**Source records:**

——

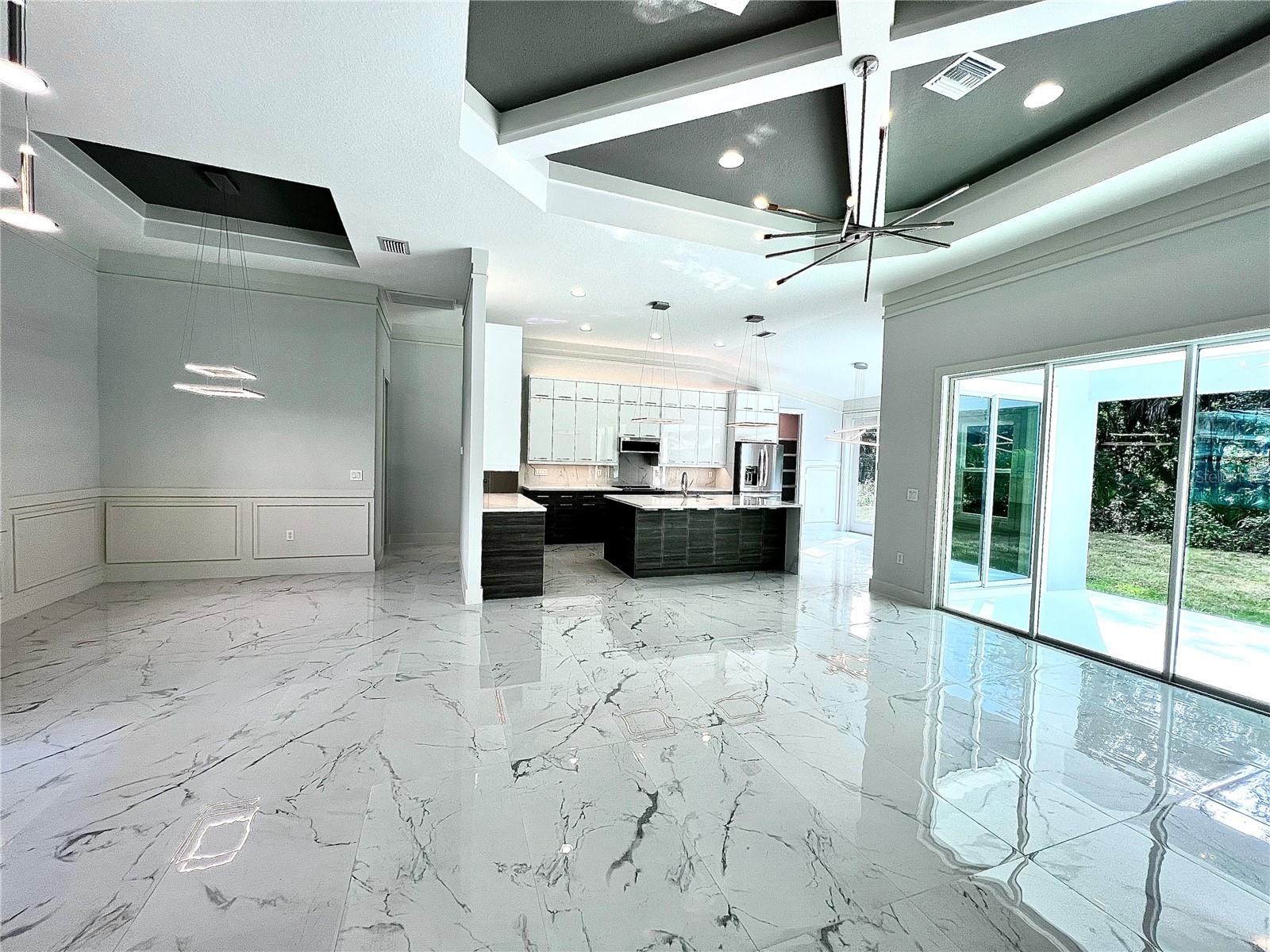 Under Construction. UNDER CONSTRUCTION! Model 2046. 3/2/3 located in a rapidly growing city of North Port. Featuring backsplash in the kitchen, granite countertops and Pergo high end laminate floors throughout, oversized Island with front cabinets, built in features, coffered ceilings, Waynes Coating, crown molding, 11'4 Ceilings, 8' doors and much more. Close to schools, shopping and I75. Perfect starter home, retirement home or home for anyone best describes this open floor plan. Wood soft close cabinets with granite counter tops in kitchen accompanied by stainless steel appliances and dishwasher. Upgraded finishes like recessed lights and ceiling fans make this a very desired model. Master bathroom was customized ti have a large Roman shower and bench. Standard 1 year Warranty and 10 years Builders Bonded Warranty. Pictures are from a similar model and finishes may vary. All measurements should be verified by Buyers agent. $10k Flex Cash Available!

——

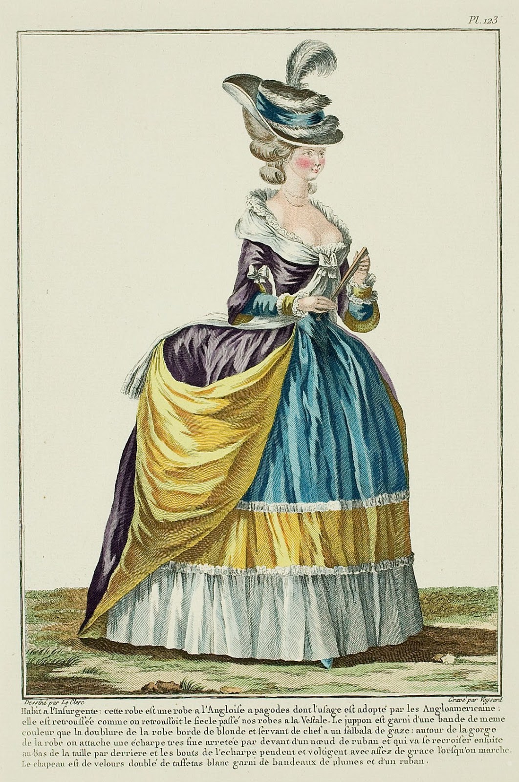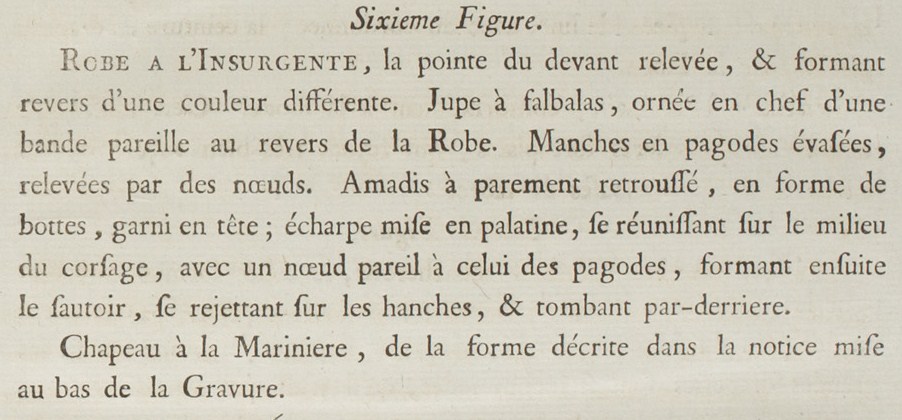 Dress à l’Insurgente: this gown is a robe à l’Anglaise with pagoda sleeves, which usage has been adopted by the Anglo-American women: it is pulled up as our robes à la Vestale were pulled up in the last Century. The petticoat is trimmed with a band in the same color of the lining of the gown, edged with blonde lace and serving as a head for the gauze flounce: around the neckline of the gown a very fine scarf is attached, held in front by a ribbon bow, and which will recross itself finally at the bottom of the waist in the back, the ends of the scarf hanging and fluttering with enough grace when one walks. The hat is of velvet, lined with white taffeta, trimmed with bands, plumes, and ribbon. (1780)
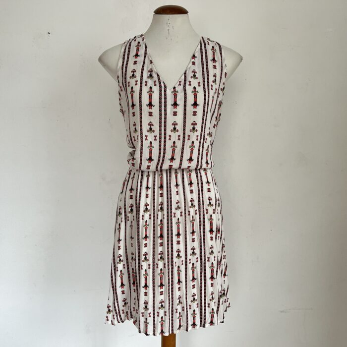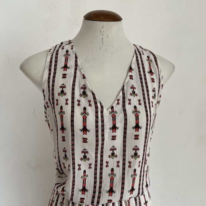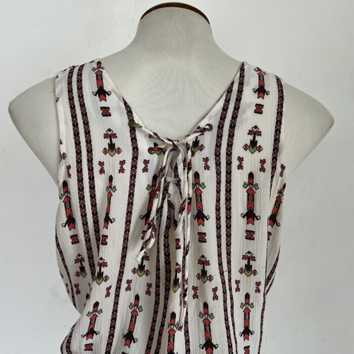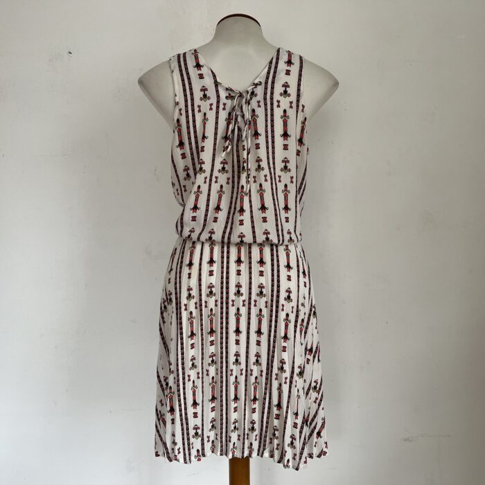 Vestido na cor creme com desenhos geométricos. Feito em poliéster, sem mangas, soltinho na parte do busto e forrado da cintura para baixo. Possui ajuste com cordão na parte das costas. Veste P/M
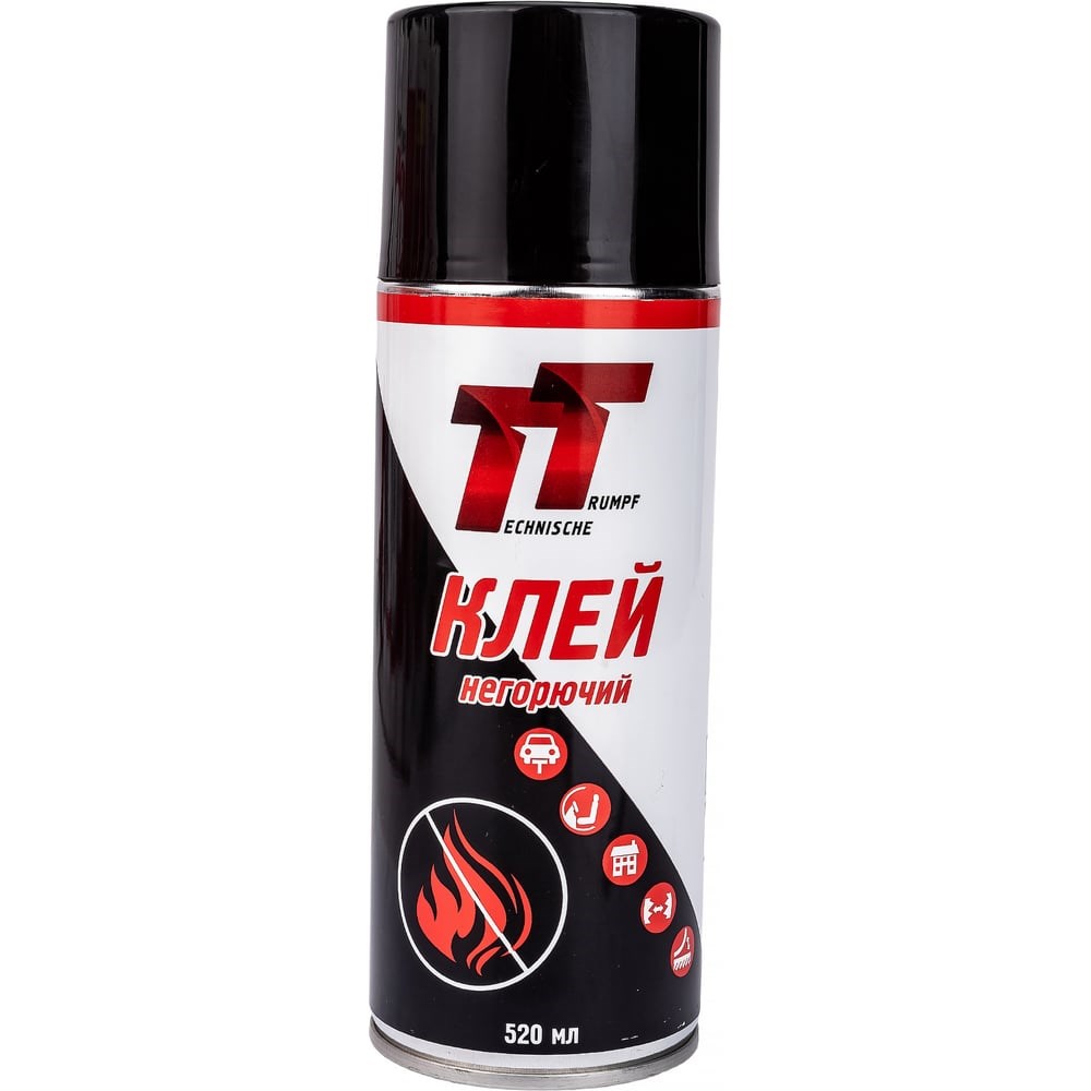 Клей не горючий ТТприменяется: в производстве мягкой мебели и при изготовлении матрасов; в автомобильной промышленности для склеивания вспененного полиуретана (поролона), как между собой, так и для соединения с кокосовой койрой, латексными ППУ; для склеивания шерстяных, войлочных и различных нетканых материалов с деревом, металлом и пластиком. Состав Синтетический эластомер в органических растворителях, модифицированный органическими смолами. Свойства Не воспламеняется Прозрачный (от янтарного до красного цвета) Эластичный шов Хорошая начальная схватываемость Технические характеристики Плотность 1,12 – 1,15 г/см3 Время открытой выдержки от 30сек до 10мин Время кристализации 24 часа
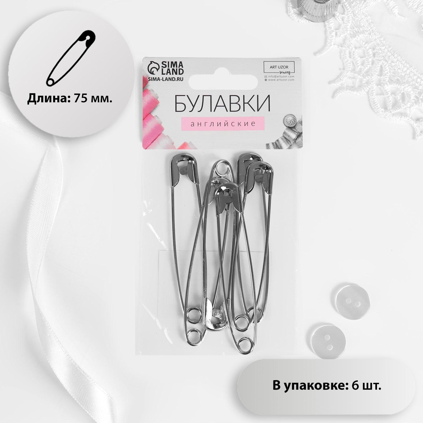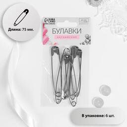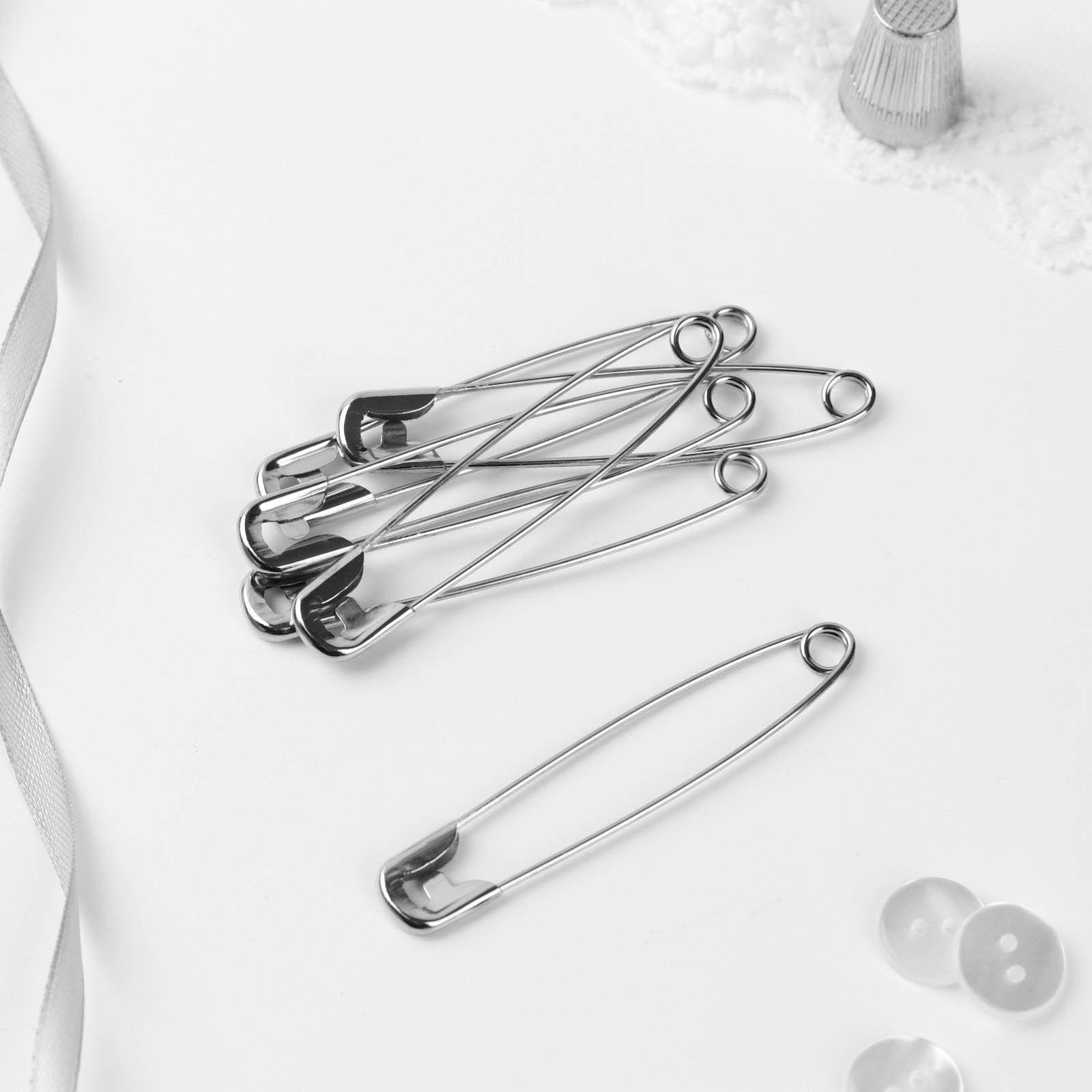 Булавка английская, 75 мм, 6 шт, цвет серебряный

——

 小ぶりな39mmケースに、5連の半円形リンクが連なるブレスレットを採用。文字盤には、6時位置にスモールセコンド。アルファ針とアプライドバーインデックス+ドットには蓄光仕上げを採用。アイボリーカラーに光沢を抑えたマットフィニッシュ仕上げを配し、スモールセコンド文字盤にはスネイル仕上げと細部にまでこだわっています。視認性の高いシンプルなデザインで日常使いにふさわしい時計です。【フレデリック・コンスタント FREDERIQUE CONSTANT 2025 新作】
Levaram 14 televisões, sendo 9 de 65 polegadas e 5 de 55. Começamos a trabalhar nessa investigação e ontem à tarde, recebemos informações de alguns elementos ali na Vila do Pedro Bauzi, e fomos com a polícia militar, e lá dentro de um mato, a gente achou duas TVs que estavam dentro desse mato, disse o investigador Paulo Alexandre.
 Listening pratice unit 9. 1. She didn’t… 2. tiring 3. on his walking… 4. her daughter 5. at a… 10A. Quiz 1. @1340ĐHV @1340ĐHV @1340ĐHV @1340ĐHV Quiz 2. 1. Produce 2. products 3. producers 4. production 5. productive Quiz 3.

——

**Instructions for the task:** Print, from the entries above, the line with "CONSTANT 2025 新作】", the line with "Listening pratice unit" and all lines between them, exactly and with nothing else.

**Expected answer:**
 小ぶりな39mmケースに、5連の半円形リンクが連なるブレスレットを採用。文字盤には、6時位置にスモールセコンド。アルファ針とアプライドバーインデックス+ドットには蓄光仕上げを採用。アイボリーカラーに光沢を抑えたマットフィニッシュ仕上げを配し、スモールセコンド文字盤にはスネイル仕上げと細部にまでこだわっています。視認性の高いシンプルなデザインで日常使いにふさわしい時計です。【フレデリック・コンスタント FREDERIQUE CONSTANT 2025 新作】
Levaram 14 televisões, sendo 9 de 65 polegadas e 5 de 55. Começamos a trabalhar nessa investigação e ontem à tarde, recebemos informações de alguns elementos ali na Vila do Pedro Bauzi, e fomos com a polícia militar, e lá dentro de um mato, a gente achou duas TVs que estavam dentro desse mato, disse o investigador Paulo Alexandre.
 Listening pratice unit 9. 1. She didn’t… 2. tiring 3. on his walking… 4. her daughter 5. at a… 10A. Quiz 1. @1340ĐHV @1340ĐHV @1340ĐHV @1340ĐHV Quiz 2. 1. Produce 2. products 3. producers 4. production 5. productive Quiz 3.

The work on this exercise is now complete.